Already we examined what’s a buffer overflow & how it resists shellcode execution by utilizing NX. If you’re new to this topic, a few terms may be uncommon. So it would be ideal if you check out the past parts for a better understanding. In case you’re stuck or gone completely, it’s okay. It needs a bit of practice.

Before plunging into our main theme, I wanna instruct you on a little tactic that’s commonly used for bypassing the NX.

So before getting into the assault stage, I’ll clarify a brief around libc. Libc is commonly used as a shorthand for the “Standard C library”. It’s a library of standard functions that can be utilized by all C programs. You can check out the Linux Manual for better ideas :)

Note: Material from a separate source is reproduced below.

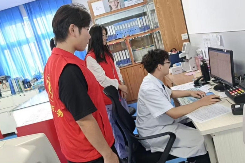 诊室实践中,志愿者以协作之姿融入诊疗流程。他们有序辅助医护整理病历、传递检查单据。在眼科诊室,跟随学习基础检查流程,记录患者症状信息。于医疗团队而言,志愿者高效的事务性协助,缓解工作负担,其对患者情绪的正向安抚,亦优化诊疗氛围;于自身成长而言,近距离观察医护专业诊疗过程,将书本知识与实际场景融合,深化对医疗工作的认知,在实践中实现技能与认知的双重进阶,成为连接理论与实操的青春桥梁。

Every time you engage in C programming, you’re sure to utilize one or the other inbuilt capabilities like printf, scanf, puts etc. All the standard C capacities have been compiled into a single file, named the “Standard C library” or the libc. The C standard library provides data definitions and functions for tasks, I/O handling, memory management, Mathematical computations, macros(“macro instruction”)- it’s a rule or pattern that indicates how certain inputs ought to be mapped to the replacement outputs. Macros are utilized for making the programming task less tedious and less error-prone by arranging computing instructions accessible by the programmer as a single program explanation. Several other OS services are also provided by libc. Some languages include the functionality of the standard C library in their possess libraries. The library may be adapted to superior suit the language’s structure, but the operational semantics are kept comparable. The C++ language, for case, incorporates the functionality of the C standard library within the namespacestd. In Python 2, for illustration, the built-in record objects are defined as “implemented utilizing C’s stdio package. Rust has a crate called libc which allows several C functions. Likewise, many… many… things to talk about.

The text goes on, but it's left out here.